Während der komplette Beziehungsaspekt bis zu diesem Punkt äußerst zufriedenstellend ist und einige schöne Momente auf Lager hat, hat Ammonite jedoch ein großes Problem: das Ende. Als der Film zu seinem natürlichen Ende kommt und den Zuschauer mit einer gut erzählten Geschichte zurücklässt, die zwar zu Beginn recht langsam in Schwung kam, erscheint jedoch überraschenderweise nicht der Abspann auf der Leinwand. Stattdessen schafft Ammonite es, irgendwie noch um die 25 Minuten Laufzeit hinten dranzuhängen und den Film somit völlig unnötig aufzublähen. Ab diesem Punkt ist auch die Liebesgeschichte rund um Mary und Charlotte kaum noch interessant, die neuen Aspekte, die hier versucht werden dem gemeinsamen Leben beider Frauen anzuheften, fühlen sich unnatürlich an, scheinen wie aus heiterem Himmel zu kommen und sich vor allem für eine der beiden Frauen untypisch anzufühlen. Es wird zwar klar, was Regisseur und Drehbuchautor Francis Lee hier versucht und vermitteln möchte, doch leider funktioniert dies im Gesamtkontext eher suboptimal und verursacht daher mehr Stirnrunzeln und unnötige Langeweile, die vorher so nicht aufkam.
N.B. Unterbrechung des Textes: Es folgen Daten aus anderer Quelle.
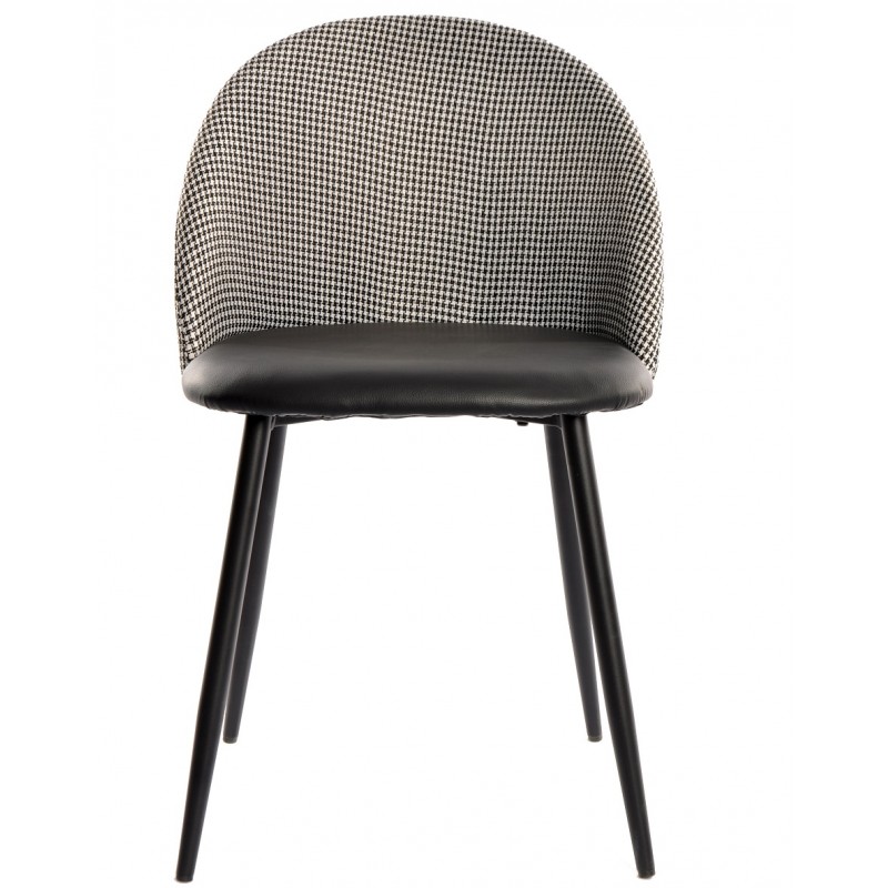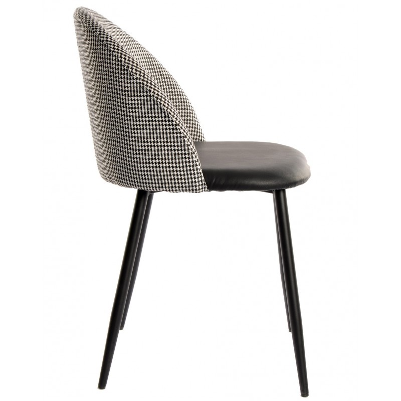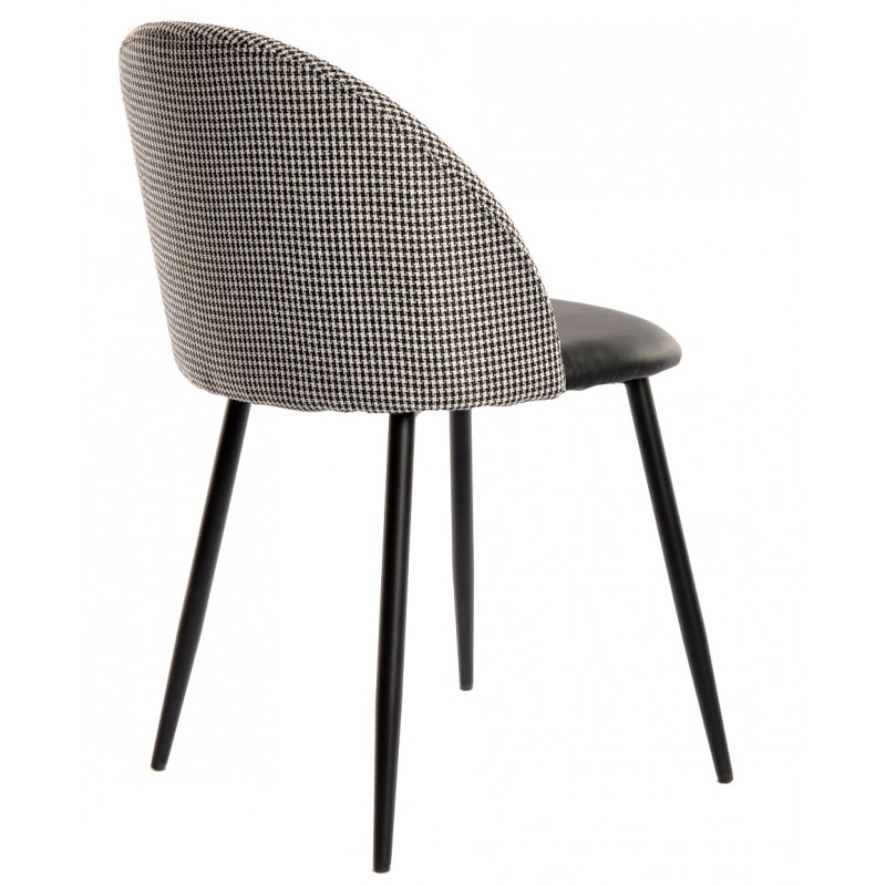 La structure repose sur un métal noir assurant robustesse et stabilité. L’assise et le dossier combinent un tissu pied-de-poule et un similicuir noir, apportant un contraste visuel marqué. Les matériaux sélectionnés garantissent une bonne résistance à l’usage intensif.

Das macht Ammonite zu keinem schlechten Film, zieht ihn insgesamt jedoch ein Stück runter, was so nicht hätte sein müssen. So bleibt zwar eine insgesamt immer noch interessante und sehenswerte Geschichte, die jedoch zum Schluss unter einem erheblichen Schluckauf leidet und den Abspann mit einem nicht mehr ganz so positiv energiegeladenen Gefühl einleitet.
Fazit
Langsam gestartet, großartig entwickelt und enttäuschend geendet. Ammonite hatte das Potenzial ein großartiger Film zu werden, verzettelt sich am Ende aber in einem unnötigen Zusatz. Großartig besetzt mit zwei herausragenden Schauspielerinnen, vor einer schönen, aber kargen Natur inszeniert. Sehenswert, aber auch hinter den Möglichkeiten.